Dual Ascent

Dual ascent

Consider the constrained optimization problem

$\min_{x\in \mathbb{R}^{n}} f(x)$ $s.t. \ Ax=b$

where $A\in \mathbb{R}^{m\times n}$, $b\in \mathbb{R}^{m}$ and $f:\mathbb{R}^{n}\rightarrow \mathbb{R}$ is a convex function.

---

Its Lagrangian function is

$L(x, y) = f(x) + y^{T}(Ax-b)$

where y is a Lagrangian multiplier.

---

Its dual function is

$g(y) = \inf _{x\in \mathbb{R}^{n}} L(x, y) = -f^{\ast}(-A^{T}y)-b^{T}y$

where $f^{\ast}$ is a conjugate of $f$.

---

Then we have to optimize the dual function,

$\max _{y\in \mathbb{R}^{n}} g(y)$

---

Consider the strong duality holds, the optimal values of the primal and dual solution are the same.
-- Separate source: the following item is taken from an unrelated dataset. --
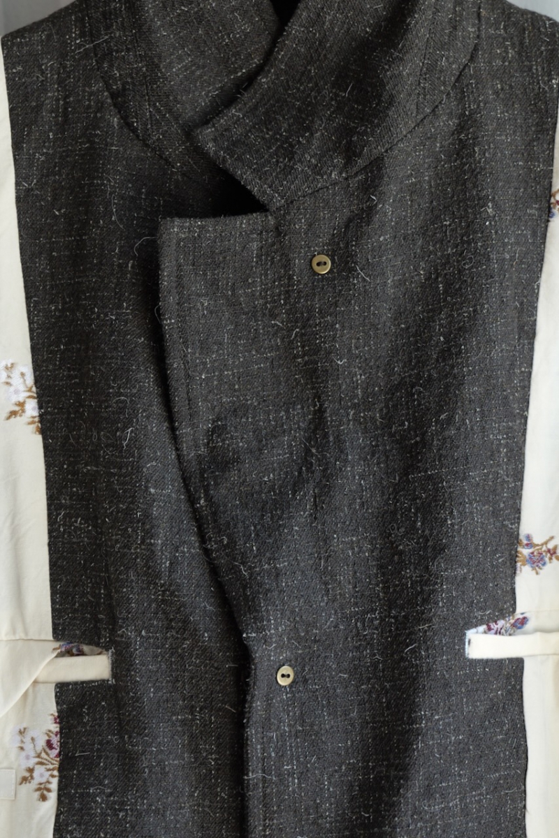 ベース部分は経糸40/1リネン糸、緯糸2/48梳毛糸をランダムに設計し、
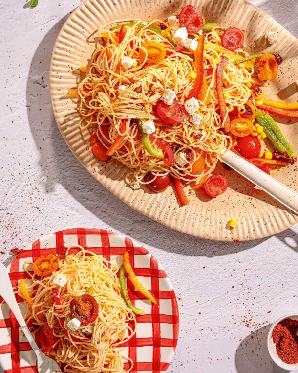 Κρουστή και δροσερή σαλάτα, απόλαυση στη γεύση αλλά και στην όψη, με τα πολύχρωμα ντοματίνια και τις πιπεριές της. Αν θέλουμε, μπορούμε να σοτάρουμε τις τρεις πιπεριές σε λίγο ελαιόλαδο μέχρι να μαραθούν, για πιο απαλή υφή.

The primal optimal point $x^{\ast}$ is recovered from a dual optimal point $y^{\ast}$.

$x^{\ast}=argmin_{x\in \mathbb{R}^n}\ L\left (x, y^{\ast}\right )$

---

Assuming that $g$ is differentiable, we use gradient ascent method to find out the residual for the equality constraint.

Then the gradient $\triangledown g(y^{\ast} )$ can be updated as follows,

$\triangledown g(y^{\ast} ) = Ax^{\ast} - b$

---

The dual ascent method consists of iterative steps

$1.$ Minimization step

$x^{k+1}=argmin_{x\in \mathbb{R}^n}\ L\left (x, y^{k}\right )$

where $k$ is number of iterations.

$2.$ Dual variable update step

$y^{k+1}= y^{k} + \alpha^{k}(Ax^{k+1}-b)$

where $\alpha^{k}$ is step size parameter.